John McCain’s final act of service
Even in his passing, he helped us imagine something better
It was a fitting culmination to a life of service.
For a few short moments, John McCain’s passing shattered the divisiveness of American politics and gave us a glimpse of something greater. His death reminded us how much better we can be than what we’ve become. It showed us the tremendous good any politician, or any individual, can achieve over a lifetime. And it helped us reimagine, however briefly, a nation rooted in values like integrity, kindness, heart, and humility.
As the news of McCain’s death broke on Saturday, the American discourse shifted slightly. The shift was fleeting but still real, impermanent but still impactful.
This shift was reflected in the outpouring of tributes from family and friends, opponents and allies, world leaders and everyday people. Beyond the admiration and respect for McCain the person, one found in these tributes even more profound themes: an acknowledgement that the senior senator from Arizona embodied something missing in the United States today. An aspiration to reclaim the moral high ground to which McCain so often led the way. A yearning to no longer be tethered obsessively to the petty smallness and meaningless squabbles of partisan politics.

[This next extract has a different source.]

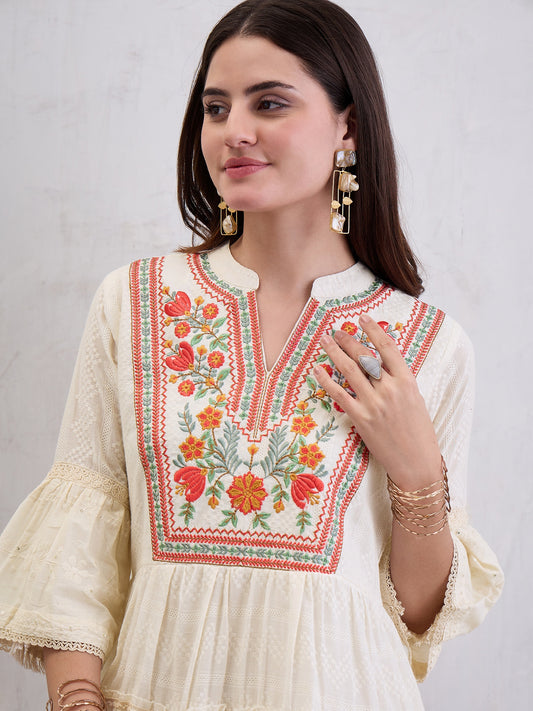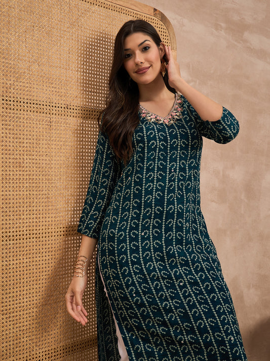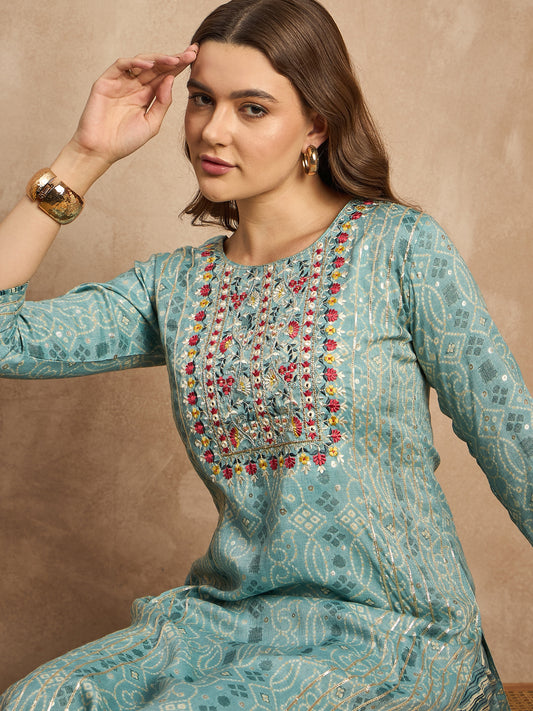 Women Bandhani Printed Regular Thread Work Kurta with Trousers

In those short moments reflecting on McCain’s life and legacy, it was possible not to care about what Donald Trump had said or done. It was possible to ignore the gaping disconnect between John McCain’s vision of America and the president’s. It was possible to make real, if momentarily, the tired rhetoric of “country before party” by paying tribute to someone who actually lived it more often than not.
In honoring McCain, Bernie Sanders and Sean Hannity found something to agree on. So did Hillary Clinton and Trey Gowdy. Even Mitch McConnell and Elizabeth Warren came together, at least for 280 characters, to praise the legacy of someone who refused to believe we can’t be better tomorrow than we are today.
There was still plenty of scorn and outrage and partisanship to go around, of course. Lingering questions persist of how a nation should mourn when the role of the nation’s mourner-in-chief remains vacant. But for a moment, it was possible to disregard all of that “malarkey,” in the words of McCain’s dear friend Joe Biden, in favor of something greater.
In his death, as so often in his life, John McCain helped us imagine. The unity that followed his passing offered a glimpse not necessarily of the United States without Trump, but of a country capable of taking on the complex forces and toxic strains of thought that preceded this president and will persist long after he leaves the White House. A country capable of reckoning with its sins and shortcomings. A country that often falls short of its ideals and fails to live its values, but nonetheless struggles mightily to become a better version of itself.
John McCain was a human being, with all of our frailties and flaws. In many ways, his imperfect life echoed America’s own: visionary and aspirational, full of contradictions, constantly in pursuit of self-improvement, prone to mistakes but capable of remarkable greatness. A truly heroic person recognizes his successes but devotes himself to his struggles. So it was for John McCain, and so it should be for the nation he served for so long.
In the days to come, will our public discourse return to what it was last Friday? Probably. Is it a tragedy that it takes the death of a once-in-a-lifetime public servant to provide a short respite to the toxicity of our discourse? Certainly. Have the partisan fissures in our politics been healed by one icon’s passing? Of course not.
But is there also immense value in a timely, if brief, reminder of what truly matters? The flicker of aspirational patriotism that McCain’s death inspired in newspapers, tweets, and email inboxes today suggests there is.
Just as he did so many times in life, in death John McCain showed us, yet again, what it means to pursue something great. He helped us imagine, yet again, that America can be better. It is a fitting conclusion to a life of leadership, patriotism, and service.